Step 2: Calculate your net worth. This measure of wealth is basically the total of all your assets (investments and property) minus your liabilities (your debt).

Step 3: Divide your net worth by your lifetime earnings. This is what all your labor has achieved for you in terms of tangible wealth.

Rick Ulivi, a fee-only financial planner in Orange, Calif., likes to have his clients do this calculation. He wants to see the following ratios:
For young clients early in their careers, the desired ratio is somewhere between 0 and 25%.

For clients in midcareer, he wants a ratio between 25% and 100%.

By the time they’re ready for retirement, the preferred ratio is 100% to 200%.
 
You're missing the box for 75%-100% for 50+ year olds.
 
Thanks sgeeeee. Hopefully got it this time. MB
 
I can't remember why we started tracking this but we've been doing it for years. Was that in "The Millionaire Next Door"?

180% with the real estate equity based on our tax assessment.

With recent appraisal values the ratio is just silly.
 
I can't even guess what my lifetime income was.

Grumpy
 
Nords said:
I can't remember why we started tracking this but we've been doing it for years.  Was that in "The Millionaire Next Door"?

. . .
I think that's where I originally read of this metric. I took our Social Security statements and ran the numbers then, so I only had to update to answer the pole.

I don't think this metric is really very useful. What you have earned and what you have are not necessarily related to what you need to retire. A $100M lottery winner has a ratio of about 0.5 because of taxes, but is probably set to retire. Someone who has worked a lot a years at a low paying job, saving every dime they could might have a ratio of 2 and still not be ready to retire.

If enough posters do the calculations, the results might be interesting. :)
 
sgeeeee said:
If enough posters do the calculations, the results might be interesting.   :)
Maybe the IRS could do it for us.
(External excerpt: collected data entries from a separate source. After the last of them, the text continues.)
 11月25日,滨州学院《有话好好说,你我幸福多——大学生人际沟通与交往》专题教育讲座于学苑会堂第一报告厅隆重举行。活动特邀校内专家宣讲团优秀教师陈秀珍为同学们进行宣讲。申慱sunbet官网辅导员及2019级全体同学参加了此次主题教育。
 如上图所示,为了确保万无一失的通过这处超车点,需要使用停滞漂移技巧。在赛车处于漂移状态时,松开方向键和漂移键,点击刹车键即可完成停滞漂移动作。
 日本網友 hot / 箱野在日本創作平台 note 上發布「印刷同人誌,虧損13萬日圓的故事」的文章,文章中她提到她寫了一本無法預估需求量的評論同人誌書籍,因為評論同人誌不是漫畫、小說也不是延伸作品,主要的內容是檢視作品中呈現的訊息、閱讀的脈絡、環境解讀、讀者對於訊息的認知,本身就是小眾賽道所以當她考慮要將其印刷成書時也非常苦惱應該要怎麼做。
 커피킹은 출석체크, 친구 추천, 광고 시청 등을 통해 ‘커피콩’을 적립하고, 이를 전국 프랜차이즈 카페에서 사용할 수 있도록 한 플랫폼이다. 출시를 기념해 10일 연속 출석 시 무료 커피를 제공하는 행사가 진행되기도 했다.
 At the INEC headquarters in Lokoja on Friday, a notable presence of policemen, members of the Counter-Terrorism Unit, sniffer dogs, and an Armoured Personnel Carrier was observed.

That would theoretically eliminate the erroneous & omitted data.

The IRS could sell the resulting data to Google, buy themselves a real computer system to improve their tax-collection efficiency, and then start retiring the national debt!
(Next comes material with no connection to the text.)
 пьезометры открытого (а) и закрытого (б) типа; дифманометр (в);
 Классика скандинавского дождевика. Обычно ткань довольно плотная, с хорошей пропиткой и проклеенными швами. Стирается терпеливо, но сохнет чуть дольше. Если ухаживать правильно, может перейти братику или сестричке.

Naaaa-- I'd rather take a poll on this board.
 
I'd have voted if "Have absolutely no idea" was a choice. Something less then 100% for sure, but how much lower is anyone's guess.
 
This is probably a better metric for how good a saver you are than if you are ready to retire.

MB
 
Yep, IIRC when I saw it my first thought was that it was a great metric to see how well you're doing as an accumulator, but of little value for someone already retired.
 
Nords said:
Maybe the IRS could do it for us. That would theoretically eliminate the erroneous & omitted data.

The IRS could sell the resulting data to Google, buy themselves a real computer system to improve their tax-collection efficiency, and then start retiring the national debt!
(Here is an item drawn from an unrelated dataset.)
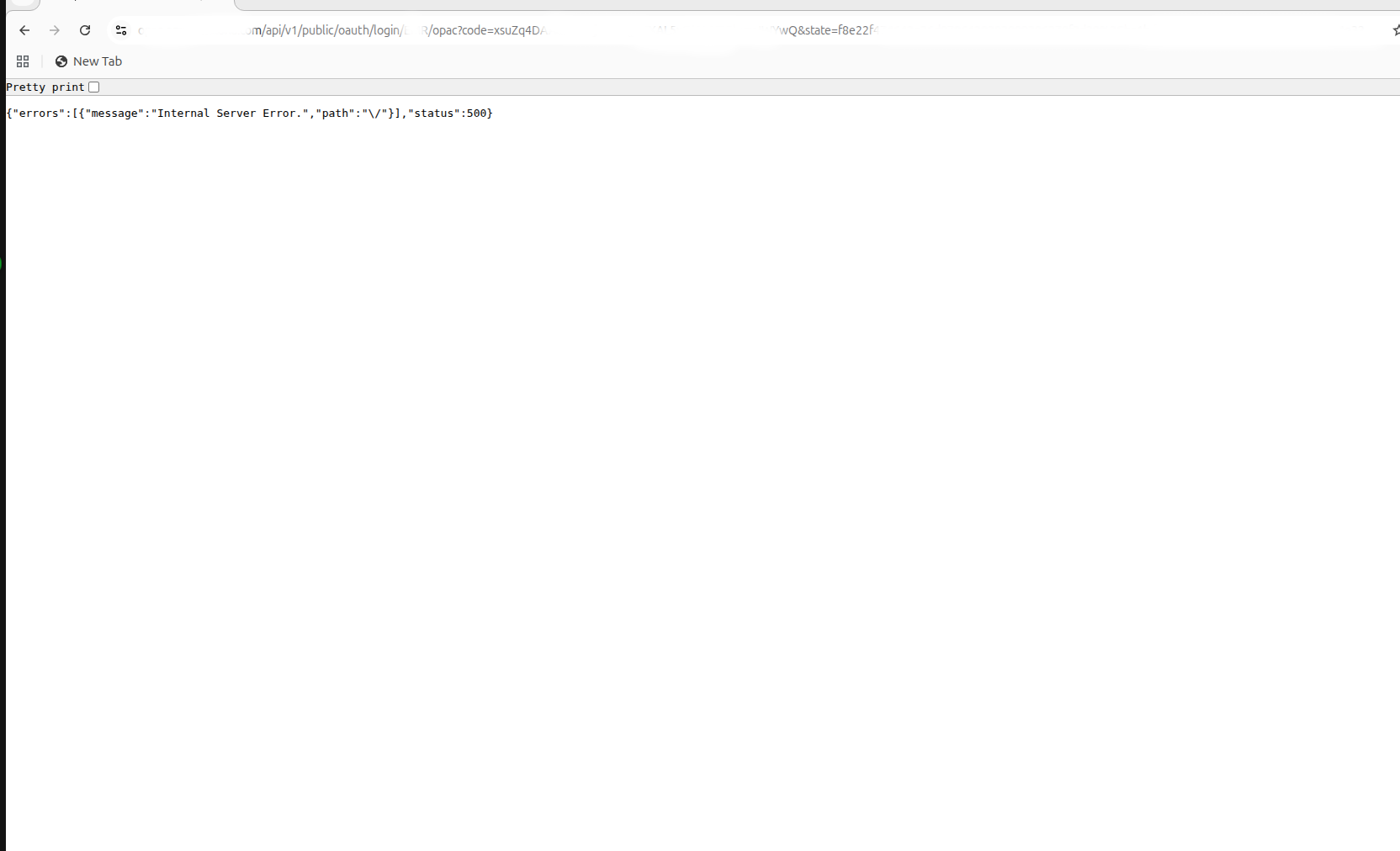 (In reply to David Cook from comment #3) > (In reply to Alex Buckley from comment #1) > > Hi, > > > > Thank you for reporting this. We are also encountering this error when human > > users are trying to log into the Koha OPAC (24.11.07) via OIDC from Chrome. > > I thought that you said that it was working in Chrome but not in Firefox and > only for Okta? Thanks for asking David! This is a new error we have recently encountered, also for Okta (the Koha IdP is configured to use protocol=OIDC). So separate to the login/logout/login we have inquired about. This error is not consistent, but the workflow is: - Start Chrome. - Go to either the Koha OPAC or staff client login page. - Click the 'Log in with Okta IdP' button. - You're re-directed to Okta. - After logging in, you're redirected back to Koha with an internal server error - screenshot attached from OPAC. I'm warning out the following (below this line https://git.koha-community.org/Koha-community/Koha/src/commit/2778a49fb16be18fc7ee0bc86983f8f9f0e16902/Koha/REST/V1/OAuth/Client.pm#L83 ): use Data::Dumper; warn Dumper($c->req->cookie('CGISESSID')); And in plack-api-error.log the $c->req->cookie('CGISESSID') is NULL and the error is thrown: [2025/09/22 05:39:33] [WARN] $VAR1 = undef; [2025/09/22 05:39:33] [ERROR] Can't call method "value" on an undefined value at /usr/share/koha/lib/Koha/REST/V1/OAuth/Client.pm line 86.

Hell, why don't they just let Google run it on their massive clusters? GoogleTax Beta......

Did you mean to enter "No child tax benefit"?

Do you owe the IRS money? Check out our program! Presented by GoogleAds.

etc.
 
Wouldn't this make more sense to do with after tax money? We are at 66.666% at age 37/38, but all the missing 33% was gone before we ever saw it. If we can count from take home pay, then we are at 100%, dangit!!!!